(Stored data)
--- START ---

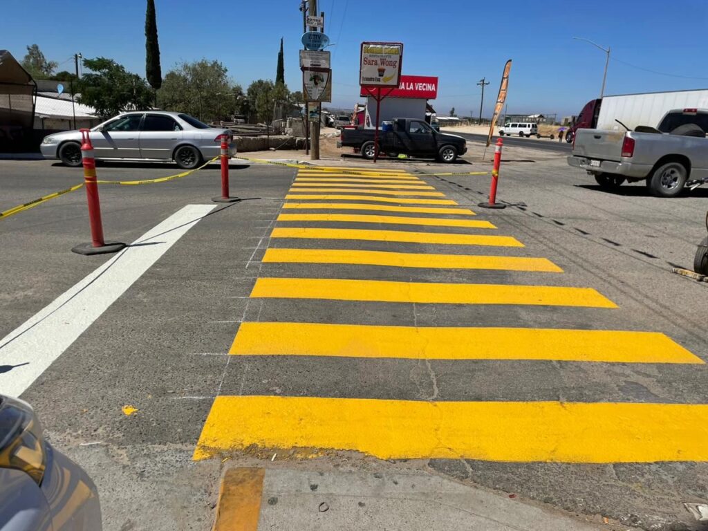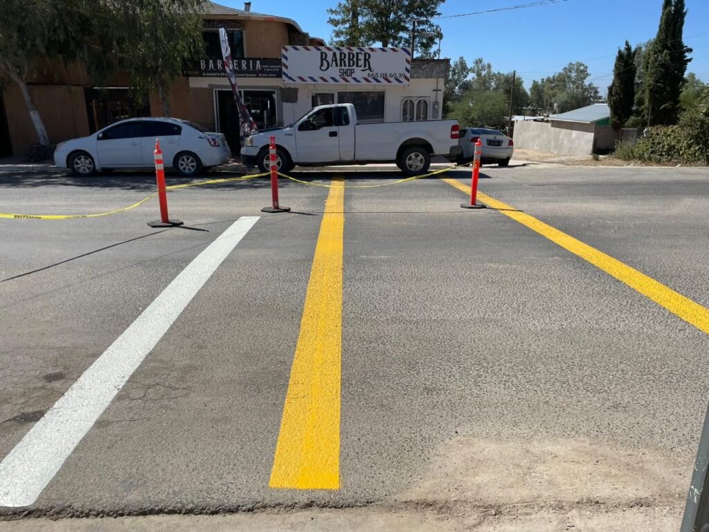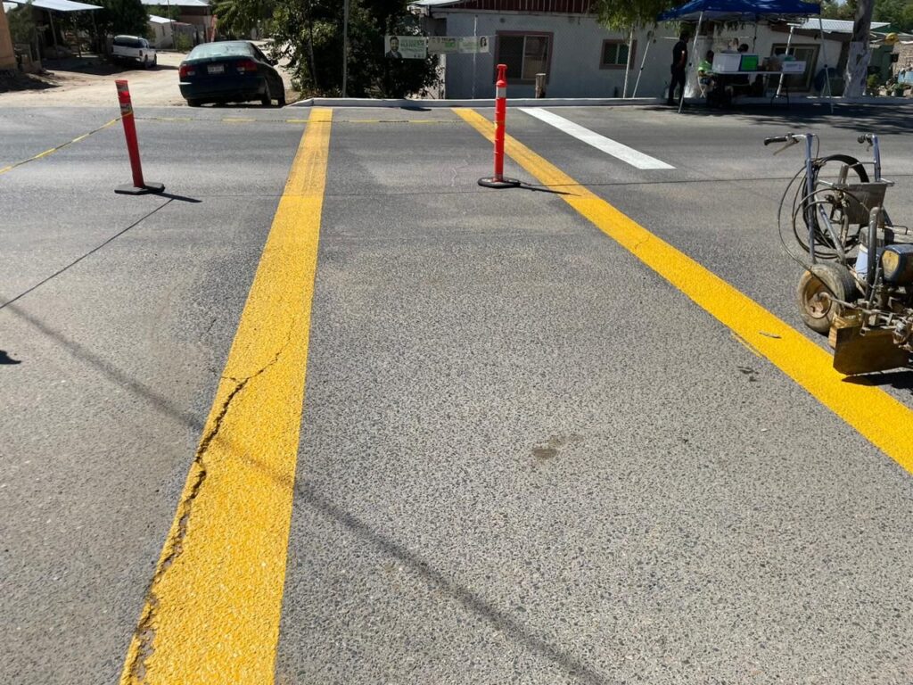 • Delegación Luis Echeverría: Pintado de línea continua amarilla y cruces peatonales en calle Benito Juárez
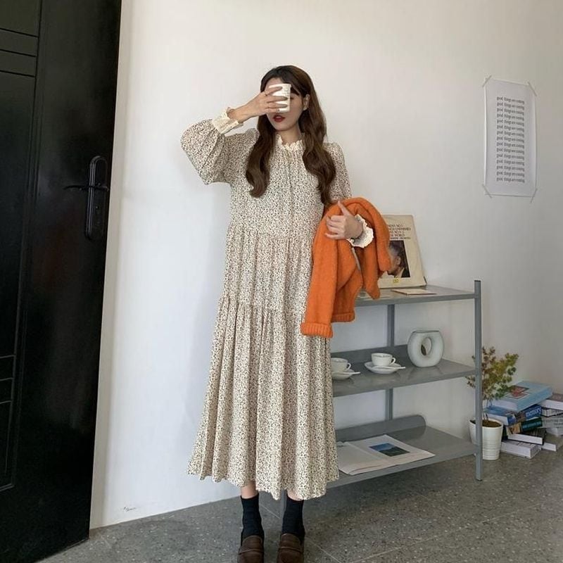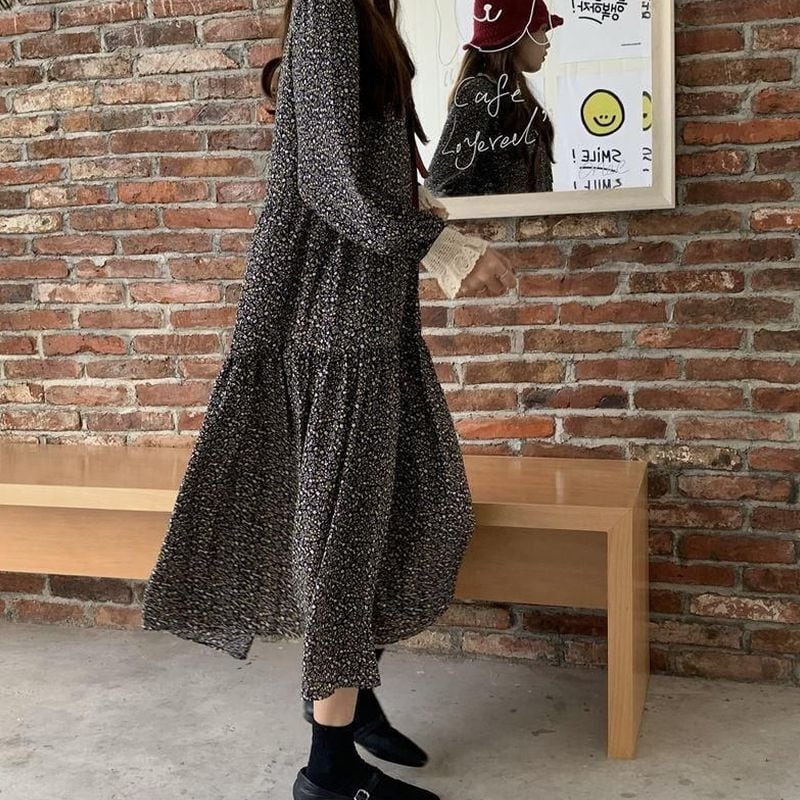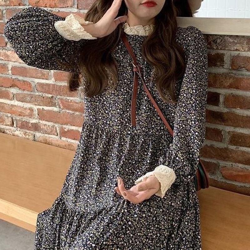 女性らしさを引き立てる繊細な花柄レースと軽やかなティアードシルエットが魅力のワンピース。
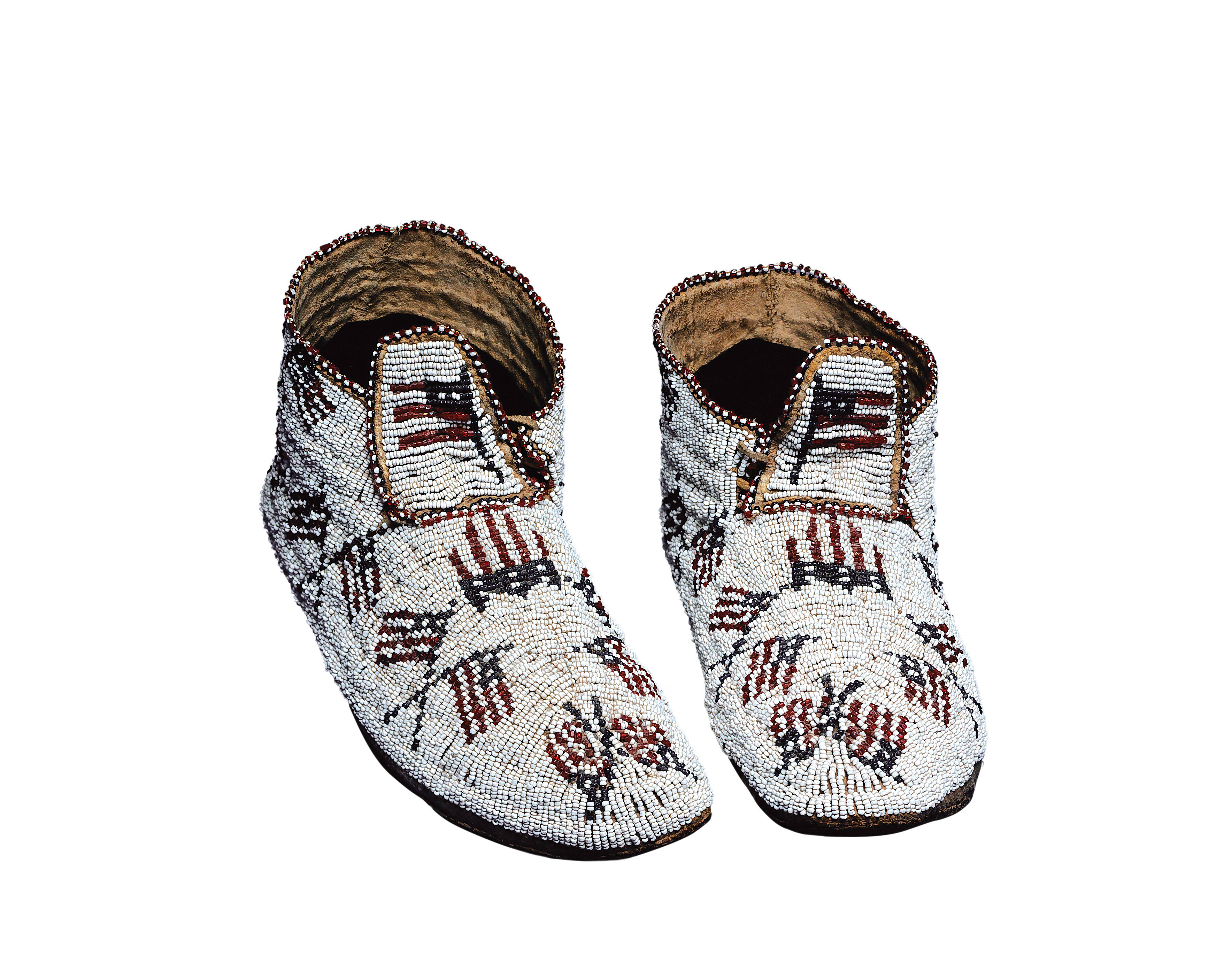 Label TextThis pair of moccasins with its white background and bold design elements, in this case crossed American flags, exemplifies Southern Cheyenne beadwork. The Southern Cheyenne placed a high cultural and social value on a woman’s ability to design and execute beadwork with great technical skill.Exhibition HistoryMuseum of Our National Heritage, Lexington, MA, December 6, 1994 - May 2, 1995.
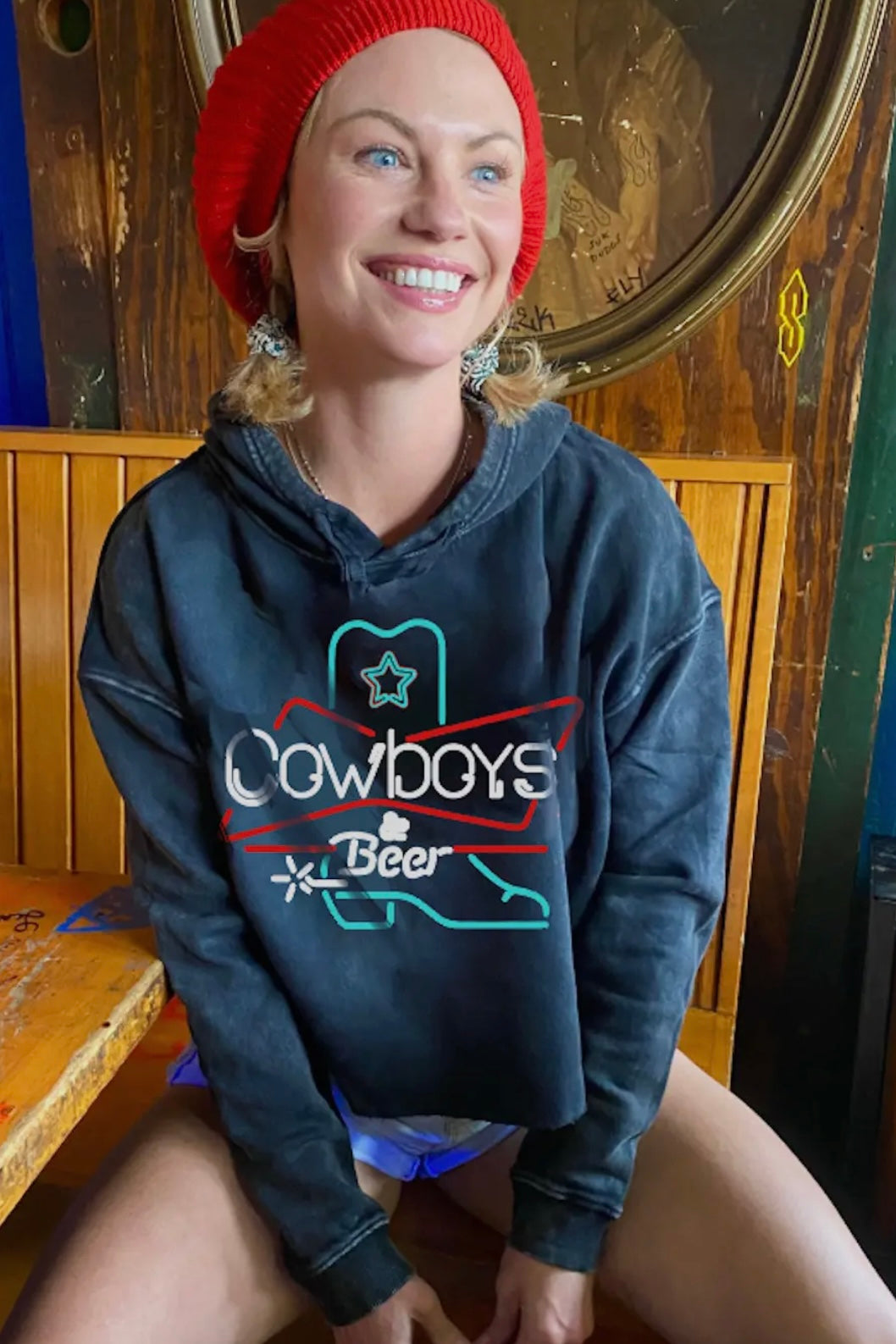 Cowboys & Beer Crop Hoodie
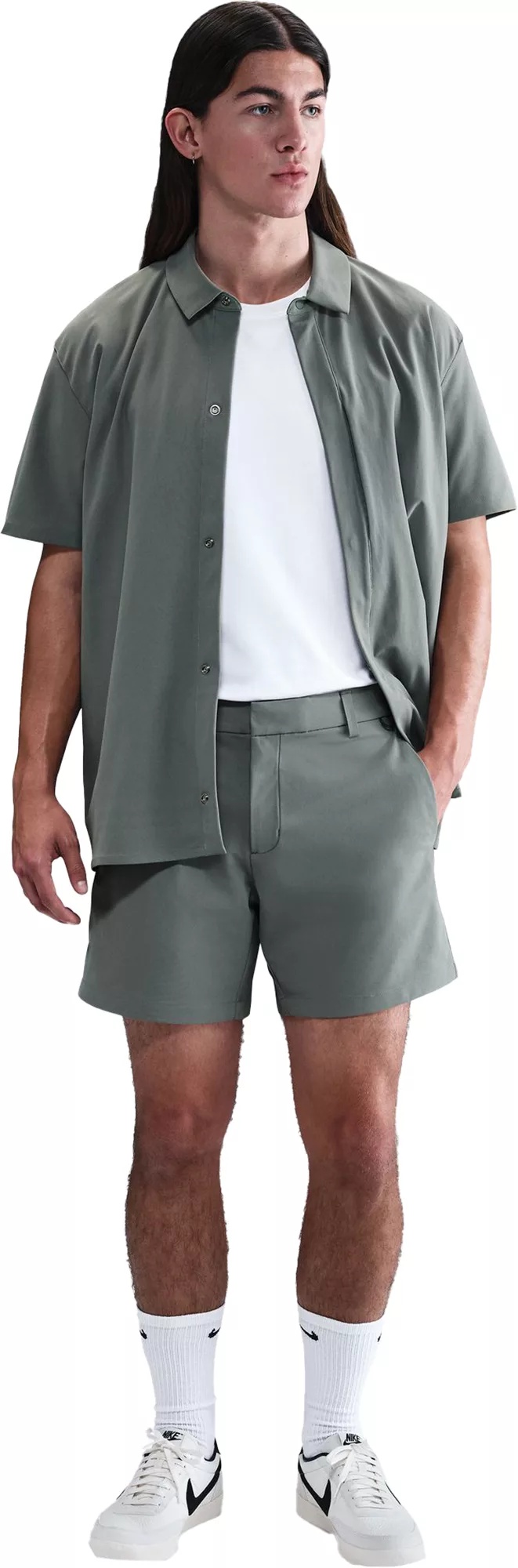 Made for all-day comfort, PerfectStretch fabric has 4-way stretch and a polished look. These 6 shorts put these features to good use, adding a 5-pocket design for convenient storage and a locker loop for easy hanging. Fit & Design: Standard fit shorts Elastic waistband and internal drawcord gives a secure fit Hidden zippered pocket on the right side can fit most phones 2 zippered back pockets and 2 side pockets offer plenty of room to carry your valuables Signature locker loop on left hip ensures easy hanging Matte silicone branding on left hip adds to your style Technology: Nike Dri-FIT technology moves sweat away from your skin for quicker evaporation, helping you stay dry and comfortable Provides UVA and UVB protection from the sun in the areas covered by the garment Additional Details: Inseam: 6 To protect exposed areas, the use of good quality sunscreen is recommended
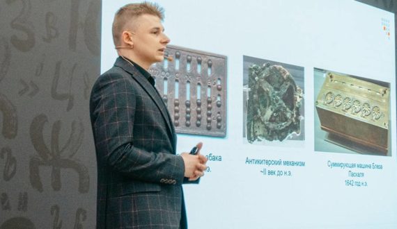 Первым выступил спикер из Томска Ян Яблонский, преподаватель ИТ-академии ТУСУРа, с рассказом о языках программирования и о том, можно ли писать на них стихи. Ян объяснил, что в основе всех современных компьютерных вычислений лежат процессоры, способные решать ограниченное число задач. Чтобы решить более сложную задачу, её надо разбить на простые, представить в виде алгоритма и передать процессору в понятном ему виде. Проблема в том, что «язык», на котором принимает такие инструкции процессор, не совпадает с языком, на котором говорят люди.
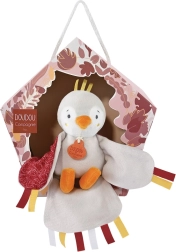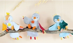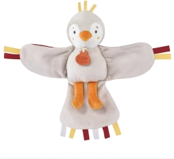 Dieser kuschelweiche Musikvogel in harmonischen Rottönen beruhigt mit seiner sanften Klangpräsenz und bietet viele Reize zum Entdecken. Raschelnde und texturierte Elemente sowie bunte Bändchen an Flügeln, Schwanz und Kopf fördern die Sinneswahrnehmung und die Feinmotorik.
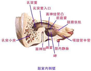 (6)内侧壁:为迷路壁,有前庭窗和蜗窗。 (6) inside wall: for lost walls, windows and vestibular cochlear windows.
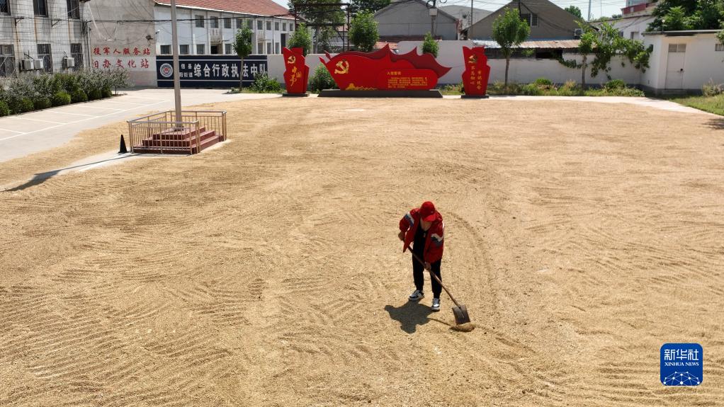 6月13日,村民在陽信縣金陽街道辦事處辦公樓前晾曬小麥(無人機照片)。
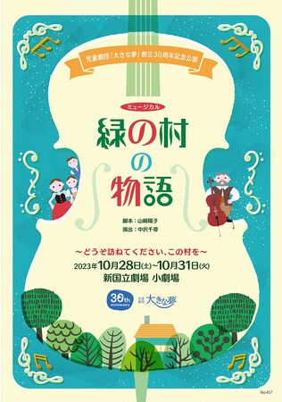 劇団BDP制作、児童劇団「大きな夢」創立30周年記念公演 ミュージカル「緑の村の物語」が2023年10月28日 (土) 〜2023年10月31日 (火)に新国立劇場 小劇場(東京都渋谷区本町1丁目1番1号)にて上演されます。 チケットはカンフェティ(運営:ロングランプランニング株式会社、東京都新宿区、代表取締役:榑松 大剛)にて発売中です。
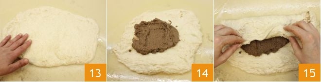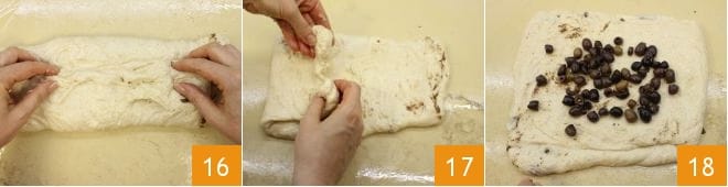 Aplatissez la pâte : étendez-la en un rectangle 13 et garnissez-la avec le pâté d'olives, en l'étalant à l'intérieur et en laissant quelques centimètres du bord 14, superposez les côtés longs (15-16),
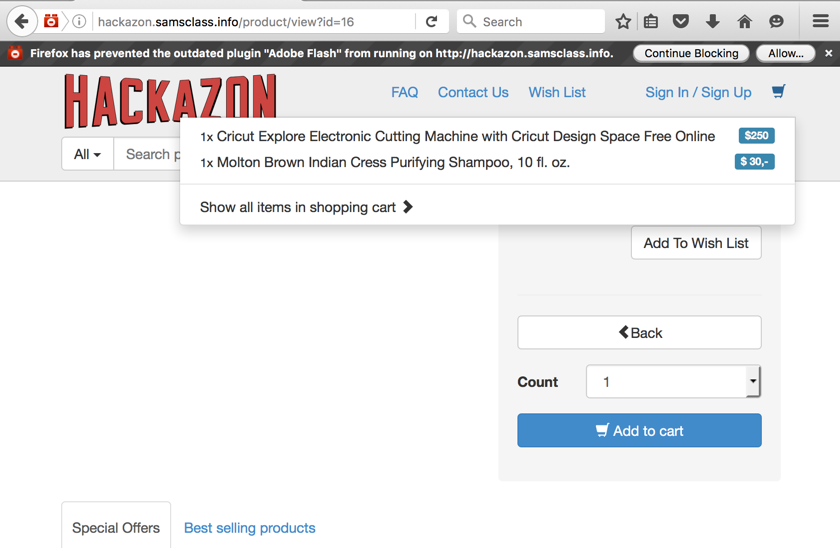 Look at the top right of the Hackazon page and ensure that you see the "Sign In/Sign Up" link, as shown below. If you don't see it, click Logout.

--- END ---

__Required action__
Return the lines exactly as they stand, from the start of the entries through the line holding "女性らしさを引き立てる繊細な"; omit the pictures.

__Answer to this exercise__
 • Delegación Luis Echeverría: Pintado de línea continua amarilla y cruces peatonales en calle Benito Juárez
 女性らしさを引き立てる繊細な花柄レースと軽やかなティアードシルエットが魅力のワンピース。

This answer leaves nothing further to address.